TOKYO - Japan's top e-commerce site operator Rakuten will enter the air travel business by allying with Asia's biggest budget carrier, Malaysia-based AirAsia, a report said Thursday.
Rakuten is preparing to make a capital injection in AisAsia's Japanese unit, possibly in 2015, the Toyo Keizai economic magazine said on its online edition.
Two or three more Japanese companies may also put cash into AirAsia Japan, it said.
Shares in Rakuten were up 3.45 percent to 1,316 yen in early afternoon trade on the Tokyo Stock Exchange after the media report, which the company did not confirm.
The Toyo Keizai said one of the likeliest ideas was that Rakuten and AirAsia could hold a maximum one-third each of the Japanese unit's shares with the remaining one-third held by a combination of other Japanese firms.
AirAsia chief executive Tony Fernandes is likely to hold a news conference in Japan in early July, it said.

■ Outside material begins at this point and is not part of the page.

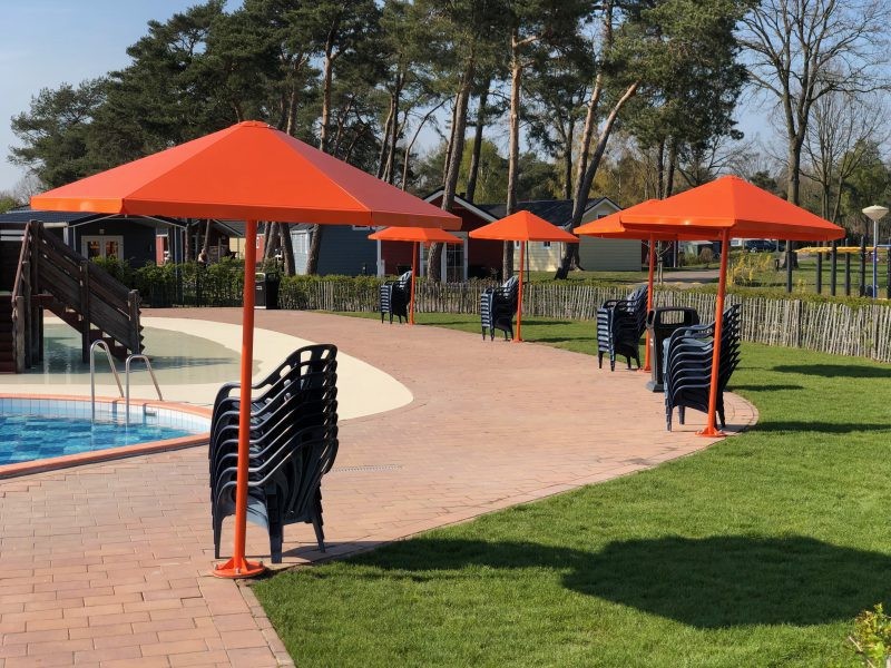 Four Seasons Parasols rondom zwembad Camping de Molenhof

Public broadcaster NHK said talks were being held with the aim of Rakuten getting a stake of around 15-19 percent for a little more than one billion yen ($9.8 million).
Japan's aviation law limits a foreign equity stake in a Japanese airline to one-third.
The new carrier could operate flights linking central Japan's Chubu Centrair airport with main Japanese destinations, the Toyo Keizai said.
The magazine quoted a senior official at the transport ministry as saying it was aiming to start flight services in 2015.
AirAsia entered the Japanese market in 2012 in a joint venture with major carrier All Nippon Airways (ANA).
The venture ended in a spat over business practices last year. ANA has since inherited the business and rebranded it Vanilla Air.